→ **Brief**
Below are entries with pictures among them; reproduce exactly, and only, the lines from the one containing "Síðan árið 2020" down to the one containing "Bearded man wearing", without the pictures.

→ **Information provided**
»»
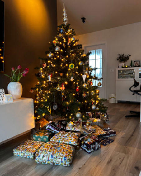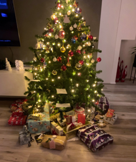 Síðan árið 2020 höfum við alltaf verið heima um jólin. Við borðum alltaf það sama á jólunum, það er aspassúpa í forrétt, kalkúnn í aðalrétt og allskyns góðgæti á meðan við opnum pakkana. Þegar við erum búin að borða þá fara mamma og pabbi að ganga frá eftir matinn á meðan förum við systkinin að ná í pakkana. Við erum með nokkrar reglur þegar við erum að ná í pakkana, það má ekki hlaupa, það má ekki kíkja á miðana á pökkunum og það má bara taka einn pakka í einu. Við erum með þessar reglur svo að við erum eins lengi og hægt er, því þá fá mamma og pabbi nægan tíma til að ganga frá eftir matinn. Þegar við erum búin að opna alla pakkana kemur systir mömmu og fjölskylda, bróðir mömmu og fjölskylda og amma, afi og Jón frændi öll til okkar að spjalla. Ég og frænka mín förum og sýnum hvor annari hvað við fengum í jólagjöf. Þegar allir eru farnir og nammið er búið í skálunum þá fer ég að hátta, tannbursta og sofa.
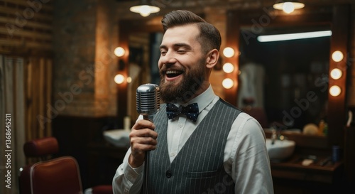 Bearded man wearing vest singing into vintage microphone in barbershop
««
»»
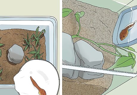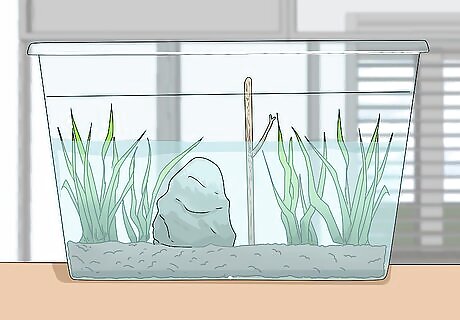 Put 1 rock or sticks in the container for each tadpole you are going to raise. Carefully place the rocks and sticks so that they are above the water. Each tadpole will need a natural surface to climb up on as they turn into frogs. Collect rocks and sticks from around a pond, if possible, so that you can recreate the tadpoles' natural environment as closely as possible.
««
→ **Expected answer**
 Síðan árið 2020 höfum við alltaf verið heima um jólin. Við borðum alltaf það sama á jólunum, það er aspassúpa í forrétt, kalkúnn í aðalrétt og allskyns góðgæti á meðan við opnum pakkana. Þegar við erum búin að borða þá fara mamma og pabbi að ganga frá eftir matinn á meðan förum við systkinin að ná í pakkana. Við erum með nokkrar reglur þegar við erum að ná í pakkana, það má ekki hlaupa, það má ekki kíkja á miðana á pökkunum og það má bara taka einn pakka í einu. Við erum með þessar reglur svo að við erum eins lengi og hægt er, því þá fá mamma og pabbi nægan tíma til að ganga frá eftir matinn. Þegar við erum búin að opna alla pakkana kemur systir mömmu og fjölskylda, bróðir mömmu og fjölskylda og amma, afi og Jón frændi öll til okkar að spjalla. Ég og frænka mín förum og sýnum hvor annari hvað við fengum í jólagjöf. Þegar allir eru farnir og nammið er búið í skálunum þá fer ég að hátta, tannbursta og sofa.
 Bearded man wearing vest singing into vintage microphone in barbershop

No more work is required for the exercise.